Inheritance introduces the viewer to Lauren Monroe (Lily Collins), criminal lawyer and daughter to wealthy businessman, Archer Monroe (Patrick Warburton). When a tragic accident takes Archer’s life, his family gathers to receive their portion of the inheritance. However, when Lauren receives a private letter from her deceased father, she quickly discovers that her true inheritance begins to uncover lies that may destroy her entire family.
Directed by Vaughn Stein (Terminal), Inheritance is a surprisingly entertaining ride into the family secrets that make us who we are, whether or not we are conscious of them. First time writer Matthew Kennedy creates an engaging web of intrigue that works well to draw the audience in as the mystery unravels. While Collins does a fairly good job of keeping the narrative moving as the conflicted lawyer Lauren, the true gem of the cast proves to be Simon Pegg’s performance as the mysterious Morgan Warner. Known for his comedic roles, Pegg clearly relishes the opportunity to play a character so wildly against type. With every panicked expression and painful story from his past, Pegg gives Morgan a sinister glance beneath his innocent smile that constantly questions his authenticity. Charismatic and flawed, Pegg’s performance as Morgan plays well off of the more stoic Lauren and infuses the film with the energy it needs.

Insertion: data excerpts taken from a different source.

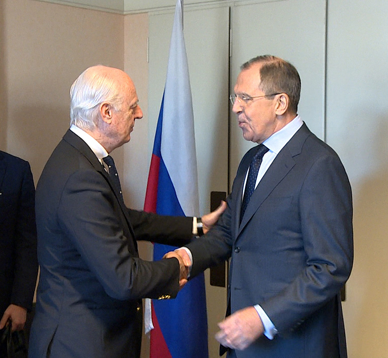 Le ministre russe des Affaires étrangères Sergueï Lavrov a reçu l'envoyé spécial des Nations unies pour la Syrie Staffan de Mistura .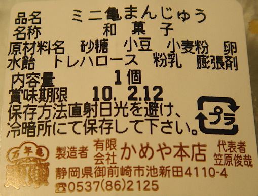 品名「ミニ亀まんじゅう」としっかりと書いてあります。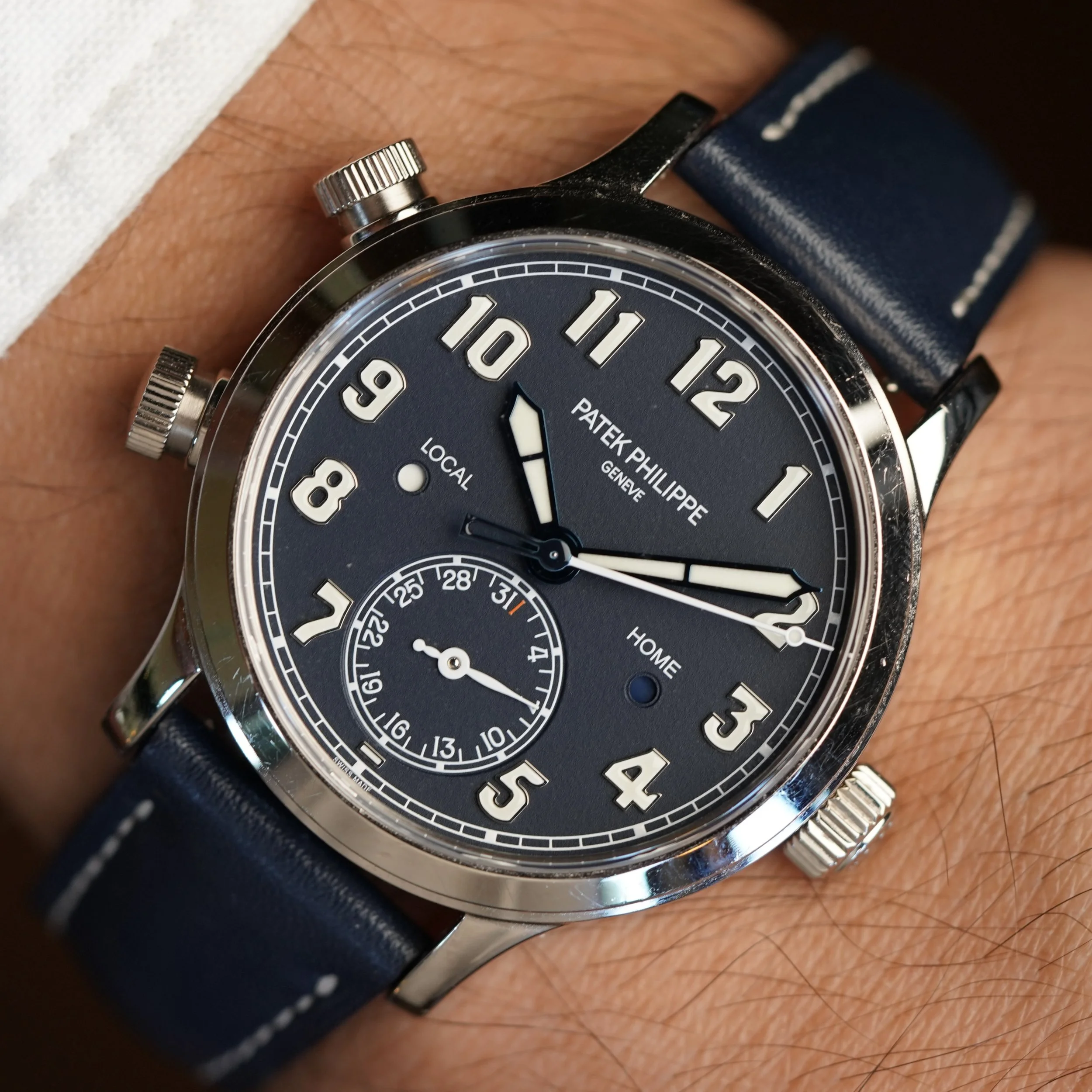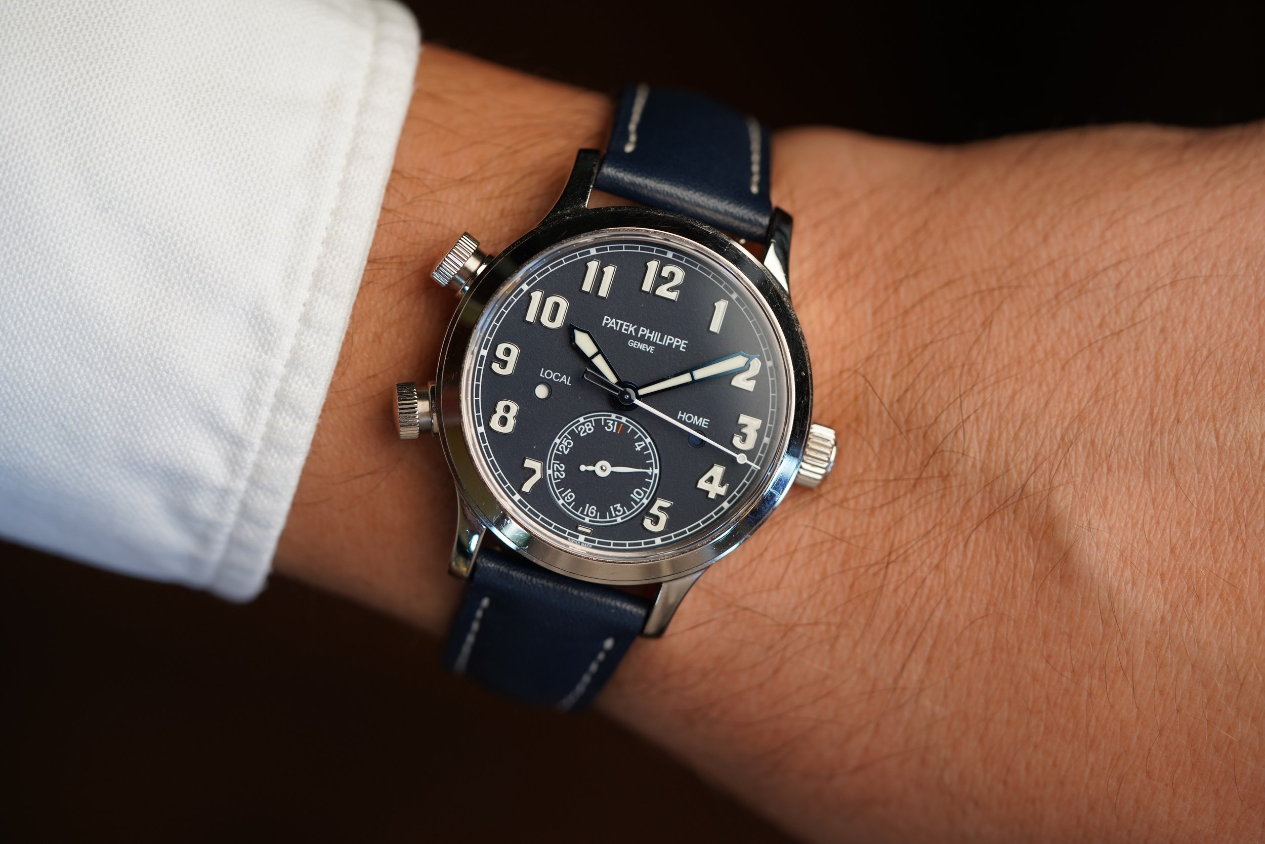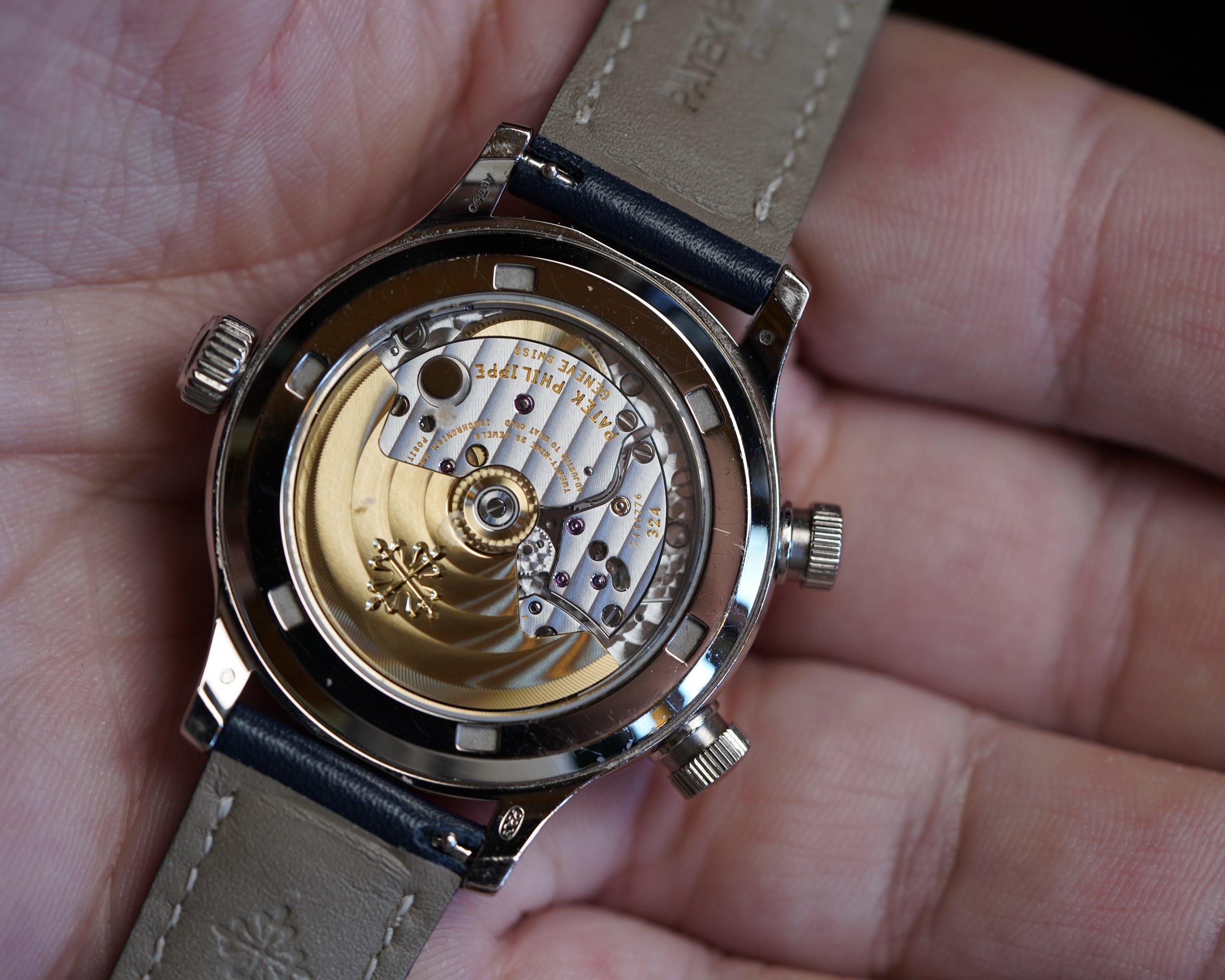 The watch is paired on a blue strap with the original Patek strap and buckle.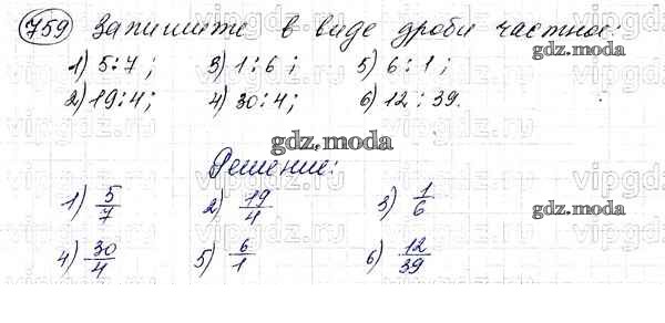 ОТВЕТ на задание № 759 Учебник по Математике 5 класс Мерзляк Алгоритм успеха

As the mystery begins to untangle, Inheritance speaks of the stories that we tell ourselves, especially in the midst of our privilege. As she delves into her family history, Lauren’s journey begins to expose secrets about her father’s past that she was never supposed to know. In leaving this trail of truth as her (literal) inheritance, her father also places an incredible burden upon her soul. Though she herself is innocent of his past sins, her image of him is shattered as she reprocesses her role in the family. More importantly, Lauren is also forced to examine whether or not she will keep his secrets buried or risk destroying her family with the truth. With her brother running for public office and her mother a well-known banker, Lauren recognizes that exposing the past will likely have devastating echoes in the present. For her, the real question of integrity becomes whether or not she values the privileges that her family currently enjoy over her conviction as a lawyer to speak the truth and own the past.
While Inheritance doesn’t always have the answers to these difficult moral questions, it does highlight the challenges that we can face when we must reconcile with the sins of our past, regardless of our own guilt. Lauren’s greatest concern seems to relate to whether or not the truth will disrupt her family’s lives as opposed to finding true justice for Morgan’s traumatic experience. (Additionally, with each dubious decision of her own, Lauren risks becoming more and more like her father in the process.) As a result, despite her seemingly noble intentions, Lauren reveals an inner self-absorption that threatens, not only her integrity, but the future of her family as well.
Filled with twists and turns, Inheritance proves to be fun escapism that enjoys playing with its audience. Willing to travel to dark places when it needs to, the film features enjoyable performances by its cast and builds an entertaining mystery that revels in the unknown secrets that lie in the shadows of our past..
Inheritance premiered on PVOD on June 2nd, 2020.